Abstract

This review first summarizes evidence from animals and humans for and against a role for dietary sodium in the genesis and treatment of hypertension. The evidence for its role is strongest in those subjects with impaired ability to excrete sodium because of organic renal disease or mineralocorticoid excess. Here, restriction of dietary sodium promptly lowers pressure. Its role in the genesis of essential hypertension is more controversial. Nevertheless, it appears that some patients with mild to moderate essential hypertension respond to moderate sodium restriction with a modest fall in pressure. This restriction also seems to reduce the amount of antihypertensive medication needed to keep pressure under control.
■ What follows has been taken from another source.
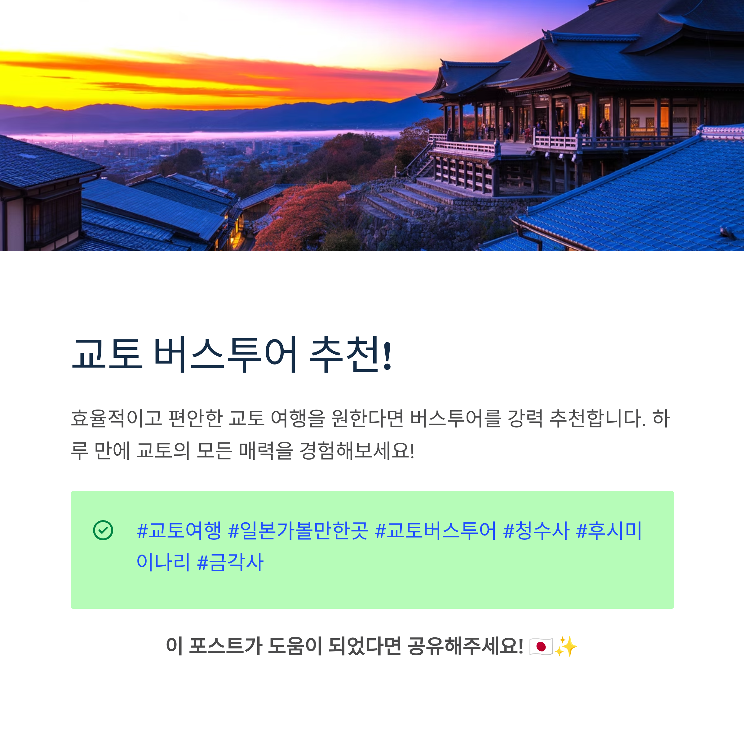 교토는 전통과 자연이 살아 숨 쉬는 도시로, 자유여행으로는 교통이 다소 불편하다는 단점이 있습니다. 이번에 저는 교토 버스투어를 이용해 하루 만에 주요 명소를 편리하게 둘러보고 왔습니다. 청수사, 후시미이나리, 아라시야마, 금각사까지 교토의 핵심 코스를 모두 담은 일정이었어요.
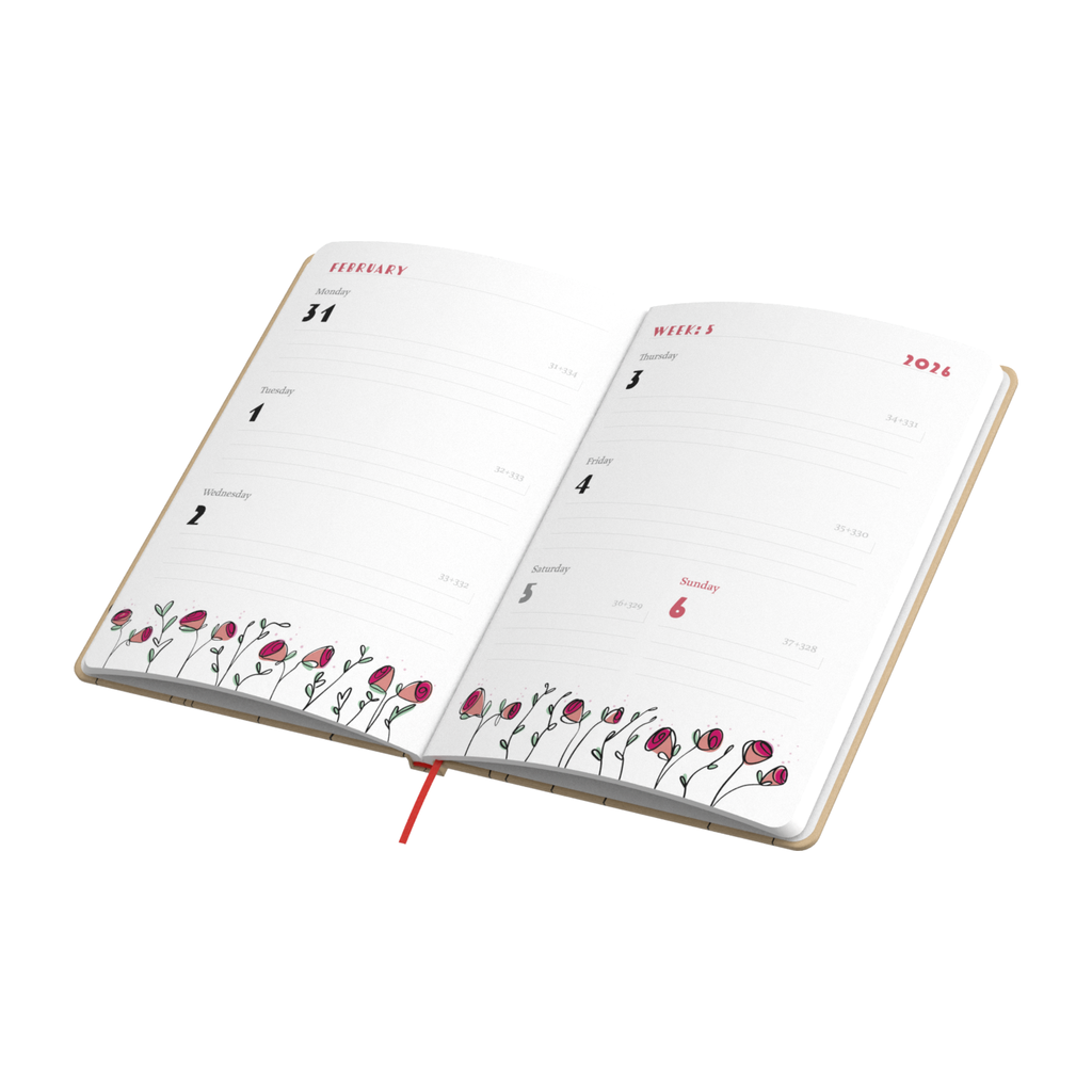 Kalendarium: Wnętrze kalendarza można zaprojektować całkowicie indywidualnie, dostosowując układ dat, sekcje notatek oraz dodatkowe elementy do potrzeb marki. Można również skorzystać z gotowych szablonów kalendariów opracowanych przez Promonotes, które można zmodyfikować i wzbogacić o indywidualną reklamę lub firmowe logo. Blok kalendarza w tym modelu MN36-CAL-KRAFT wykonany jest z białego papieru offsetowego w 100% pochodzącego z recyklingu, co zapewnia wysoką jakość i trwałość.

Next, the mechanism of the pressure response to dietary sodium chloride is considered, with emphasis on potassium depletion and increased plasma levels of prohypertensive sodium pump inhibitor and antihypertensive atrial natriuretic peptide. The evidence for a primary role for dietary potassium in the genesis of hypertension then is summarized; certain subsets of subjects with a high incidence of hypertension also have a lower potassium intake. Some investigators have found that dietary potassium supplementation lowers pressure in established hypertension. This may result from natriuresis and from vasodilation subsequent to stimulation of Na+,K(+)-ATPase in vascular smooth muscle and adrenergic nerve terminals. After the role of dietary calcium is discussed, practical aspects of dietary sodium restriction and dietary potassium supplementation in the therapy for established hypertension are considered. The review concludes with comments on their possible roles in the prevention of hypertension.